大阪からバスで6時間半といえば、どこまで行けるだろうか。
時刻表をさらっと見てみると、東海道であれば静岡までは十分に行けるし、中央道方面なら長野、四国なら松山、須崎、山陽なら広島はとっくに過ぎるというところである。
ただこれらはもちろん、高速道路を使用した「昼特急」とでもいうべきバス。リクライニングシート、車両によっては3列配置で、トイレも完備。長距離の格安移動手段として人気である。
ところが、この6時間半をかけて地道、しかも山の中のカーブのきつい隘路を、ローカルバスで行くとしたらどうだろうか。
・・・その格好の区間が、大和八木から十津川、熊野本宮を経て新宮に至る、高速道路を使わないという点で日本最長となる路線バスである。それが1日3往復、一応「特急」は名乗るが、166.9キロ、一部の停留所を除く167の停留所で客扱いをしながら走るローカルバスである。運行する奈良交通のHPではわざわざこの日本最長の路線バスのために専用ページを設けているほどである。
これまで五條から新宮まではクルマで走破したこともあるし、バス乗り継ぎでも一度走ったことがある。途中下車しながら観光地を見て回る、あるいは温泉に入るのもいいが、今回は、起点の大和八木から新宮まで、一気に乗ることにしよう。列車のほうの長距離鈍行ということであれば根室本線や飯田線、山陽本線に残るところであるが、それに近い趣は感じられるだろう。
ということで、近鉄南大阪線と橿原線を乗り継いで大和八木駅前に現れる。まだ朝の9時だが日差しが照りつけて暑く感じる。
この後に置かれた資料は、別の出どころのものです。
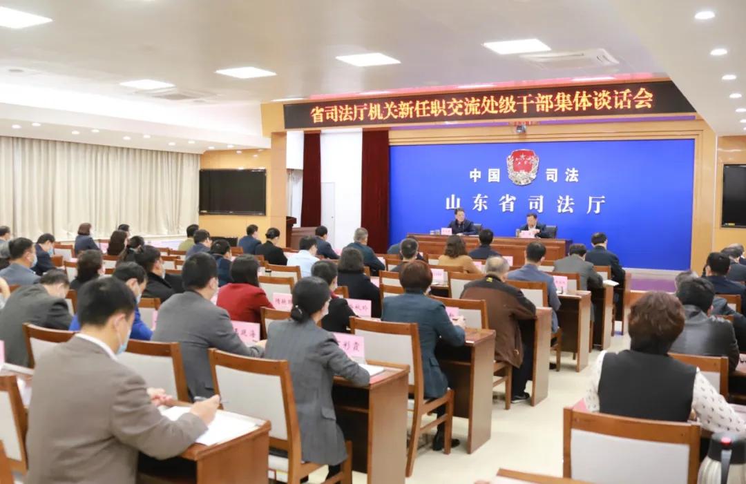11月18日下午,省司法厅机关召开新任职交流处级干部集体谈话会,厅党委书记、厅长王玉君出席会议并讲话,厅党委委员、政治部主任刘淼主持会议并宣布干部任免决定。
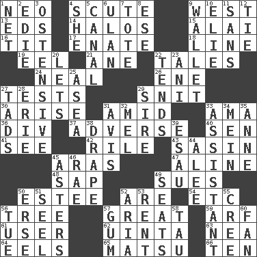 ACROSS 1. Modern: prefix 4. Snake scale 9. Compass direction 13. Begley and Asner 14. Rings 15. Mountain range southwest of Kyrgyzstan 16. Teat (slang) 17. Related on the mother's side 18. Actor's bit 19. Snakelike fish 21. One (Scot) 22. Falsehoods 24. Anneal 26. Compass dir. 27. Trials 29. In a ____ (agitated or irritated) 30. Ascend 31. Among 33. Housemaid (var.) 36. HTML Container Element 37. Contrary to your interests or welfare 40. Elected rep. 41. Perceive with the eye 42. Cause heat under the collar 43. Indian antelope 45. Ancient river in northeast Turkey 47. Place in a line 48. Plant excrement 49. Institutes legal proceedings 50. First name in cosmetics 52. "We ___ not amused" (Victoria) 54. And so on (abbr.) 56. Family _ (genealogy) 57. Relatively large 59. Sandy's bark 61. One who makes use of a thing 62. National forest in Provo, Utah 63. Teachers' org. 64. Snakelike fish 65. Taiwanese island in East China Sea 66. Nine, plus one DOWN 1. Fish or hair follower 2. Singer Brickell 3. Clearly or manifestly demonstrative 4. A female animal or person 5. Lessep's creation 6. Uhlan (variant) 7. Carry 8. Compass dir. 9. Place for singles 10. Writer Wiesel 11. Without 12. Make a knot 20. Allows 22. Looks after 23. Black tropical American cuckoo 25. At sea 27. Bits 28. One of the Great Lakes 29. The founder of a family 31. Opinion 32. Cartoonist voice _ Blanc 33. Helper 34. Count _ (2 wds.) 35. Singer Murray 38. Window treatment 39. Son of Isaac 44. Toward shelter 45. Michaelmas daisies 46. Actress Charlotte 49. Theater features 50. Celtic language 51. Stitch closed the eyes of (a falcon) 52. Operatic vocal solo 53. Monthly bill 55. Algonquian 56. Third day of the wk. 57. Chewing product 58. The 19th letter of the Greek alphabet 60. Avid follower

乗り場の案内には小さく「新宮」の文字が見えるが、この乗り場からはイオンモール橿原アルル行きや関西空港行きのリムジンバスが発車する。それらが来るたびにそこそこの乗客が吸い込まれていく。
それらをやりすごす中で、最近のバリアフリー対応とかコミュニティバスとは違った昔ながらの車両という感じのバスが入ってきた。これが新宮まで6時間半、奈良南部の山々に挑む車両である。
昔ながらの車両の側面にあるボード式の経路案内を見ると、知らなければ本当にどこに連れて行かれるのやらという不安がよぎるかもしれない。ただ扉が開くと「Pitapa」の文字、「ICカード ここにタッチしてください」とある。「これはひょっとして対応するのか」とまずはピッとタッチする。これが有効なら、5000円以上の現金の持ち出しがまずは抑えられるので旅の進め方としてはいいのかなということで。
車内はリクライニングこそしないものの先頭を除いて2列シートが並ぶ。運転席左側2列目の席に陣取る。先頭でもよかったのだが荷物がじゃまになるし、ここでも前方の展望はばっちり楽しめる。前の席の横に足を伸ばして過ごすことができるのもよい。
八木から乗り込んだのは8人。この中で新宮まで乗りとおそうかという人は何人いるだろうか。地元の人らしいのが2人、用務客ふうの男性が1人、旅行者らしい女性が1人、あとは「このバスに乗りに来た」という風情が私を入れて4人。その中でも最も大きな旅行バッグを抱えた私が一番浮いているかもしれない。
9時15分、8人の乗客を乗せたバスは出発。前方には液晶モニタ式の運賃表。次の橿原市役所前を皮切りに、途中の停留所の表示はすっ飛ばして「終点 新宮」の文字。主要な停留所までの所要時間があるが、新宮は6時間半後の到着。もう、どないなとしてくださいな・・・・。
まずは橿原市から高田市の近郊区間を走る。ごく普通の生活路線で、早速に途中の停留所で地元客が1人下車。この後、近鉄南大阪線の高田市駅の下をくぐる。高田市・・・今朝通って来ましたがな。時間の効率ということを考えれば、この時点で無駄をやっている(ドライに考えれば、もっと遅くに自宅を出発しても間に合ったということ)。
続く御所でも客を拾うが、それでも最大で12人。国道24号線に入り五條を目指す中で下車する人もおり、この辺りでは生活路線としての役割も果たしている。
八木から1時間あまり経過して五條バスターミナルに到着。ここで10分の停車となり、隣接するイオンのトイレで用を足す。いよいよここから奈良南部、西吉野の山々に分け入っていくのである。いよいよここからが本番と言ってもいいだろう。
ここで下車した人もおり、車内は8人。八木からの乗客は私を含め6人に減っていた。別にサバイバルレースをやっているわけではないのだが、果たしてこの中で全区間走破者が何人いるのかは気になるところである・・・・。